(Data for review begins)

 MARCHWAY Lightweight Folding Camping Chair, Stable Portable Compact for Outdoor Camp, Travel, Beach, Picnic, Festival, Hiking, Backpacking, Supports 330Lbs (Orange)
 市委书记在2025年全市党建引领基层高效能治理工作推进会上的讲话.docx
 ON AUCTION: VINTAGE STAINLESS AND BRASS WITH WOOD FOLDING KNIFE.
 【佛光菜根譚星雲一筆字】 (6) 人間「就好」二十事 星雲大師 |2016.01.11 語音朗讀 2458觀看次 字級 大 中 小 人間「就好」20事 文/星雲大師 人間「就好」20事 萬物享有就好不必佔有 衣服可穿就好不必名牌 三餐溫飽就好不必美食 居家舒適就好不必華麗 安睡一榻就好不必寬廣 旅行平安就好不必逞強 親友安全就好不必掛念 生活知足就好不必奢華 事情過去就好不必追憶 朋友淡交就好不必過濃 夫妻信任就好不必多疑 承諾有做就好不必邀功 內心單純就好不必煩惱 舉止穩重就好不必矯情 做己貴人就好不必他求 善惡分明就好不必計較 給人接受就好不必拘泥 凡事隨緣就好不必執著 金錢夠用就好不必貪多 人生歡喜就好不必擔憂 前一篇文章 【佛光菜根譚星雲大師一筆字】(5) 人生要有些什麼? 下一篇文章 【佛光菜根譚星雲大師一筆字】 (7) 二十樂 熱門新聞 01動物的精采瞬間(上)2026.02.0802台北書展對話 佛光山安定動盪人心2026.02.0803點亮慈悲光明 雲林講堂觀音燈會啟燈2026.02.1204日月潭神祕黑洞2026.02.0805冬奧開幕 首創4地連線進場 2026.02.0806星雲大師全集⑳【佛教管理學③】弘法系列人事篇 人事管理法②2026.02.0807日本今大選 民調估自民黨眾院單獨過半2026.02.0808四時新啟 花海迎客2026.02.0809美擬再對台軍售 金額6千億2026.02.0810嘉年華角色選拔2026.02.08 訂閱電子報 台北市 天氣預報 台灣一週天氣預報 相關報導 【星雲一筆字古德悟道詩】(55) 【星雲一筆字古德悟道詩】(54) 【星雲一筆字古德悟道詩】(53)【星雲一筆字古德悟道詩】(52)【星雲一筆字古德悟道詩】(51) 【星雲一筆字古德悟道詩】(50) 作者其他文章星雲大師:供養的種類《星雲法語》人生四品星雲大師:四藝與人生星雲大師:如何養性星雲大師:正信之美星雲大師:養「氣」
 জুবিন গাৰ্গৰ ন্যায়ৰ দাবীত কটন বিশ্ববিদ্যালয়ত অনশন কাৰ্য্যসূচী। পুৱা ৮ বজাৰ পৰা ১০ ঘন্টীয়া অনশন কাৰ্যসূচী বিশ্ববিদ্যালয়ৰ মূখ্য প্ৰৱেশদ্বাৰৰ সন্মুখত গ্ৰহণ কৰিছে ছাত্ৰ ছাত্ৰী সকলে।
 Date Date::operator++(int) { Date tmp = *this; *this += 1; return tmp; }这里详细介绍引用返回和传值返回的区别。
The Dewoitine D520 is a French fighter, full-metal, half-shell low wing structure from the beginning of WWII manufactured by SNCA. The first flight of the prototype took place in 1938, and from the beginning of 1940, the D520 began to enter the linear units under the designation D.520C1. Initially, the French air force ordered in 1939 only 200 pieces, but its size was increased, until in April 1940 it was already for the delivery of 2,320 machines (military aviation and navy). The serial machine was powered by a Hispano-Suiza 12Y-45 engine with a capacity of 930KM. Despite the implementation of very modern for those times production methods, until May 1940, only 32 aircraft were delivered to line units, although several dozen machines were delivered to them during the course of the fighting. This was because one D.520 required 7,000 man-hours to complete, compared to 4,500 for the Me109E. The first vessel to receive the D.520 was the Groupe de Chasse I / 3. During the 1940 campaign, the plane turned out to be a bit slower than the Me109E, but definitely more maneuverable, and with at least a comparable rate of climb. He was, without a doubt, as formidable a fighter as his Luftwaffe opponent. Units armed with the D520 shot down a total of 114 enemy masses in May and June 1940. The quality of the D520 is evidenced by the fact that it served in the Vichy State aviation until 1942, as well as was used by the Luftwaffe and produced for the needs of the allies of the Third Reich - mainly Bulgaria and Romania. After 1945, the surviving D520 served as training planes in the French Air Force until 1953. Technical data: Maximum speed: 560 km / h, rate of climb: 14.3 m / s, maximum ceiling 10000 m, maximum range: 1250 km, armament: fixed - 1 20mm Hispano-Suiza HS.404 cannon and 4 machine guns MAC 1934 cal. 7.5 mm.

(Data for review ends)
(Data for review begins)

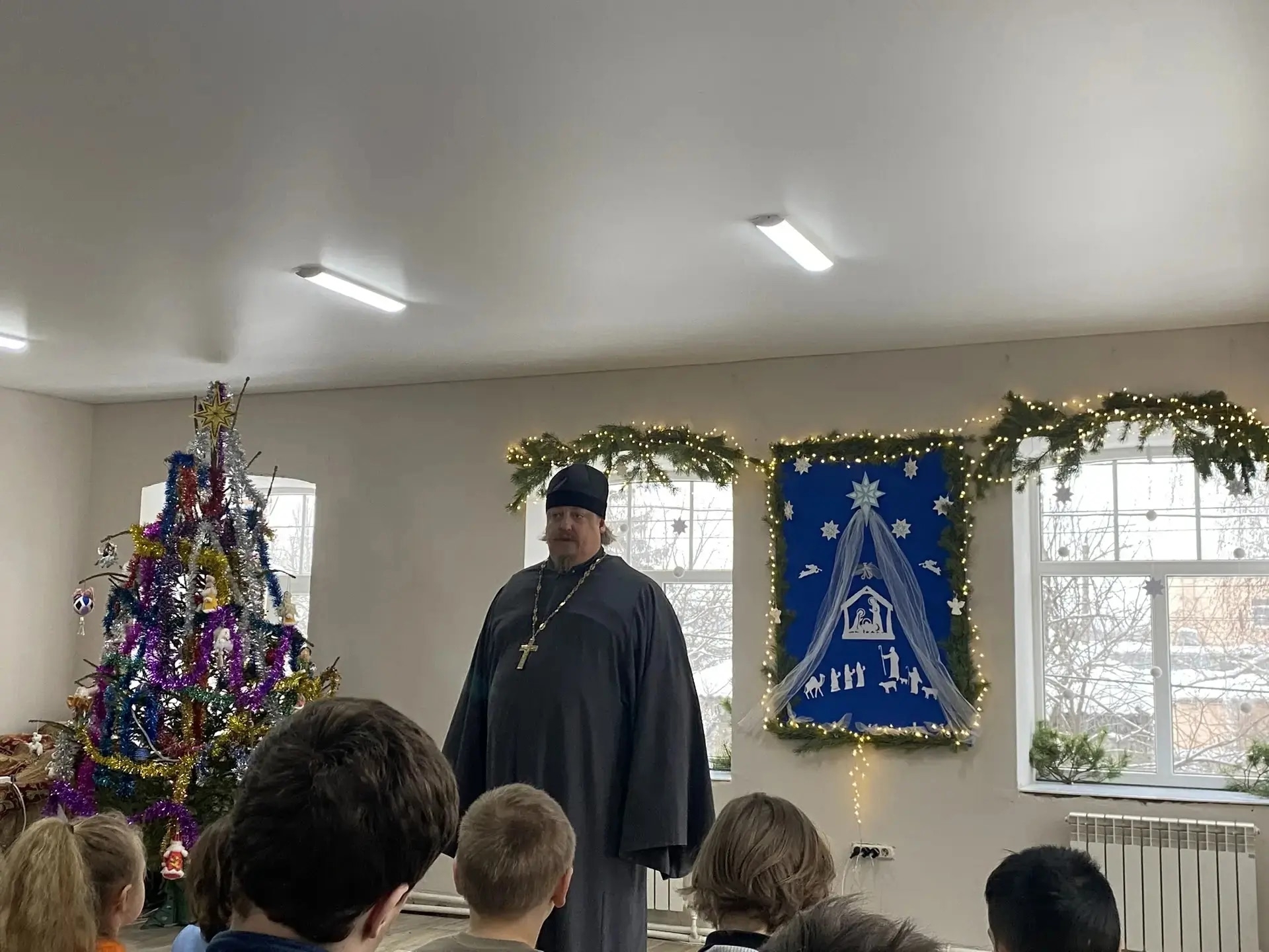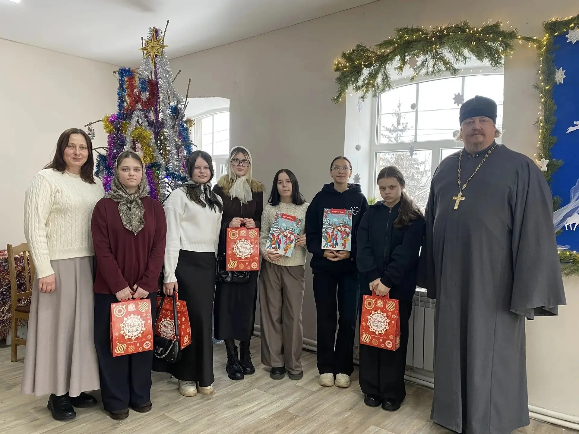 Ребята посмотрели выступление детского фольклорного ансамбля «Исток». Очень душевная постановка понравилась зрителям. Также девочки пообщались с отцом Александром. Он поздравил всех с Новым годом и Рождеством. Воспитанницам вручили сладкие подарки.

(Data for review ends)

• Description of the task: Output, from the data above, the lines from the line with "市委书记在2025年全市党建引领基层高效能治理工作推进会上的讲话.docx" to the line with "tmp = *this;" exactly as they stand, both ends included and nothing else.

• Solution to the problem:
 市委书记在2025年全市党建引领基层高效能治理工作推进会上的讲话.docx
 ON AUCTION: VINTAGE STAINLESS AND BRASS WITH WOOD FOLDING KNIFE.
 【佛光菜根譚星雲一筆字】 (6) 人間「就好」二十事 星雲大師 |2016.01.11 語音朗讀 2458觀看次 字級 大 中 小 人間「就好」20事 文/星雲大師 人間「就好」20事 萬物享有就好不必佔有 衣服可穿就好不必名牌 三餐溫飽就好不必美食 居家舒適就好不必華麗 安睡一榻就好不必寬廣 旅行平安就好不必逞強 親友安全就好不必掛念 生活知足就好不必奢華 事情過去就好不必追憶 朋友淡交就好不必過濃 夫妻信任就好不必多疑 承諾有做就好不必邀功 內心單純就好不必煩惱 舉止穩重就好不必矯情 做己貴人就好不必他求 善惡分明就好不必計較 給人接受就好不必拘泥 凡事隨緣就好不必執著 金錢夠用就好不必貪多 人生歡喜就好不必擔憂 前一篇文章 【佛光菜根譚星雲大師一筆字】(5) 人生要有些什麼? 下一篇文章 【佛光菜根譚星雲大師一筆字】 (7) 二十樂 熱門新聞 01動物的精采瞬間(上)2026.02.0802台北書展對話 佛光山安定動盪人心2026.02.0803點亮慈悲光明 雲林講堂觀音燈會啟燈2026.02.1204日月潭神祕黑洞2026.02.0805冬奧開幕 首創4地連線進場 2026.02.0806星雲大師全集⑳【佛教管理學③】弘法系列人事篇 人事管理法②2026.02.0807日本今大選 民調估自民黨眾院單獨過半2026.02.0808四時新啟 花海迎客2026.02.0809美擬再對台軍售 金額6千億2026.02.0810嘉年華角色選拔2026.02.08 訂閱電子報 台北市 天氣預報 台灣一週天氣預報 相關報導 【星雲一筆字古德悟道詩】(55) 【星雲一筆字古德悟道詩】(54) 【星雲一筆字古德悟道詩】(53)【星雲一筆字古德悟道詩】(52)【星雲一筆字古德悟道詩】(51) 【星雲一筆字古德悟道詩】(50) 作者其他文章星雲大師:供養的種類《星雲法語》人生四品星雲大師:四藝與人生星雲大師:如何養性星雲大師:正信之美星雲大師:養「氣」
 জুবিন গাৰ্গৰ ন্যায়ৰ দাবীত কটন বিশ্ববিদ্যালয়ত অনশন কাৰ্য্যসূচী। পুৱা ৮ বজাৰ পৰা ১০ ঘন্টীয়া অনশন কাৰ্যসূচী বিশ্ববিদ্যালয়ৰ মূখ্য প্ৰৱেশদ্বাৰৰ সন্মুখত গ্ৰহণ কৰিছে ছাত্ৰ ছাত্ৰী সকলে।
 Date Date::operator++(int) { Date tmp = *this; *this += 1; return tmp; }这里详细介绍引用返回和传值返回的区别。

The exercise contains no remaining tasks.